Supplied information section start

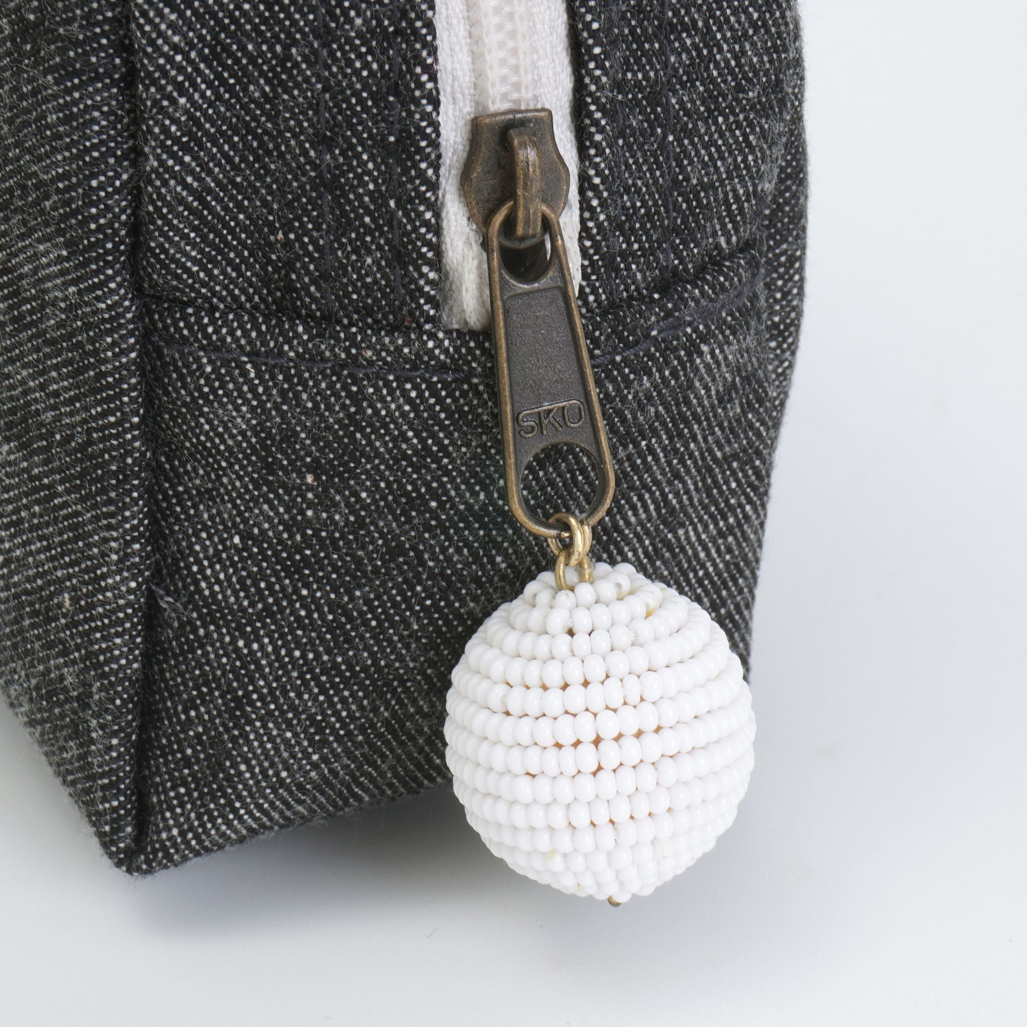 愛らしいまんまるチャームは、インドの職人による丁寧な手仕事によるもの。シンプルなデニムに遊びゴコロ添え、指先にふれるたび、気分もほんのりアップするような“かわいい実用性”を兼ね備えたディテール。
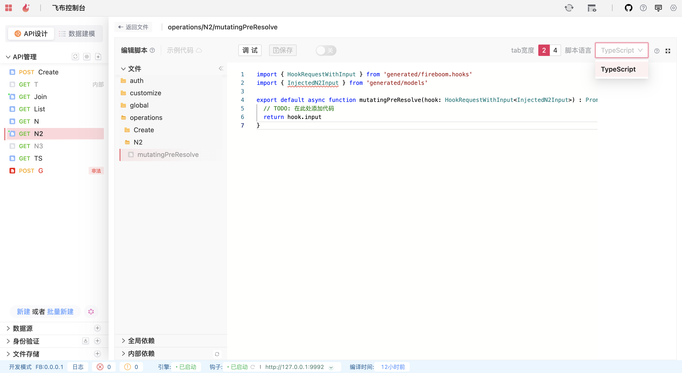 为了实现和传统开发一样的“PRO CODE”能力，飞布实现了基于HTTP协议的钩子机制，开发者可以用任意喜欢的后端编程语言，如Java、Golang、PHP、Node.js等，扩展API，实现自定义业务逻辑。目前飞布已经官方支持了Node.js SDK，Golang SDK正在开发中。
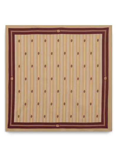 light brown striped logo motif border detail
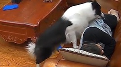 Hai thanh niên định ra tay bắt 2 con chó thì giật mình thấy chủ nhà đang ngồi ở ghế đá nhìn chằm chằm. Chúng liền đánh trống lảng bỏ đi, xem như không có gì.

Supplied information section end

Assigned task
Nothing but the lines from the one containing "light brown striped logo motif border detail" through the last line of the material may appear in the answer, transcribed exactly and with no pictures.

Problem solution
 light brown striped logo motif border detail
 Hai thanh niên định ra tay bắt 2 con chó thì giật mình thấy chủ nhà đang ngồi ở ghế đá nhìn chằm chằm. Chúng liền đánh trống lảng bỏ đi, xem như không có gì.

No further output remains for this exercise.